Understanding three-dimensional cardiac anatomy is fundamental for the practice of clinical cardiology. However, if three-dimensional images are displayed on two-dimensional monitors, they fail to provide depth perception. Currently, novel technologies, including the three-dimensional printing, three-dimensional monitors/projectors, and virtual reality applications can provide real three-dimensionality with depth perception. However, their relatively high cost and limited user-friendliness prevent their wide application. We introduce novel and commercially available holographic display, which allows multiple observers to see the full-color holographic images simultaneously without any specific glasses and headgear. This leading-edge technology is immediately applicable in both educational and clinical settings.

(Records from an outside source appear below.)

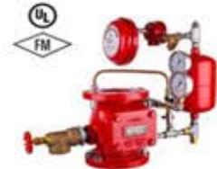
Weflo Alarm Check Valve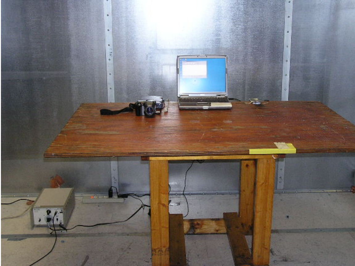
AC Line Conducted Emissions Measurement Setup. (Representative Photo- Not Actual Phone Tested)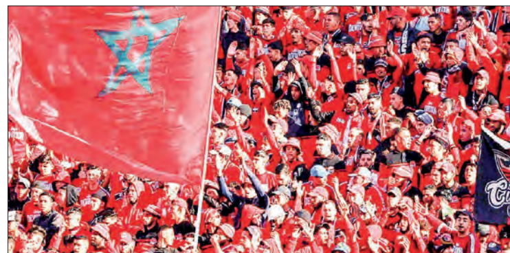
Wydad fans wave flags during the FIFA Club World Cup second round football match between Morocco's Wydad AC and Saudi Arabia's Al-Hilal at the Prince Moulay Abdellah stadium in Rabat on 4 February 2023.

This is mainly due to the fact that Valencia's Mestalla Stadium also needs extensive reforms, but these are unlikely to happen as work has been halted for 15 years on the partially constructed Nou Mestalla ground that is one day intended to be the club's new home. — Xinhua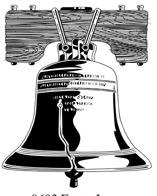
9603 Estate Lane Dallas, TX 75238 ADDRESS CORRECTION REQUESTED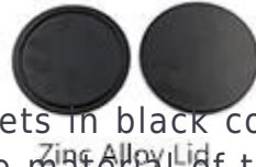
Zinc Alloy Lid

Understanding cardiac anatomy is central for the practice of clinical cardiology. However, the constant increase in medical information has impeded medical students, and post graduate trainees from spending sufficient time devoted to learning anatomy (Ruzycki et al., 2019). To maintain and improve the quality of anatomical knowledge, dissection-based teaching has been complemented with newer teaching/learning methods, based on clinical imaging including computed tomography and magnetic resonance imaging (Ruzycki et al., 2019). “Three-dimensional” cardiovascular images are widely available during routine clinical practice. However, if “three-dimensional” images are displayed on two-dimensional monitors and/or other surfaces, they cannot provide precise depth perception (Mori et al., 2020). Currently, novel technologies, including the three-dimensional printing (Harb et al., 2019), three-dimensional monitors/projectors with anaglyphic glasses, and virtual reality applications with headgears (Silva et al., 2018; Iwanaga et al., 2021a) can provide real three-dimensional images/models with depth perception. However, their relatively high cost and limited user-friendliness prevent their wide application. Furthermore, the need to wear glasses and headgear may be somewhat inconvenient especially in clinical situations, and has the added inconvenience of the need for every individual such devices to share depth perception. To overcome these limitations, we have recently revisited and re-introduced an alternative simple and conventional approach, stereoscopic display, viewed using a cross-eyed method for better appreciation of real three-dimensional cardiovascular images with depth perception (Mori et al., 2020; Mori et al., 2021). Using this approach, observers can visualize images without the need for wearing special devices. However, even this simple approach is not without its own limitation as stereopsis requires a certain degree of training and an associated learning curve.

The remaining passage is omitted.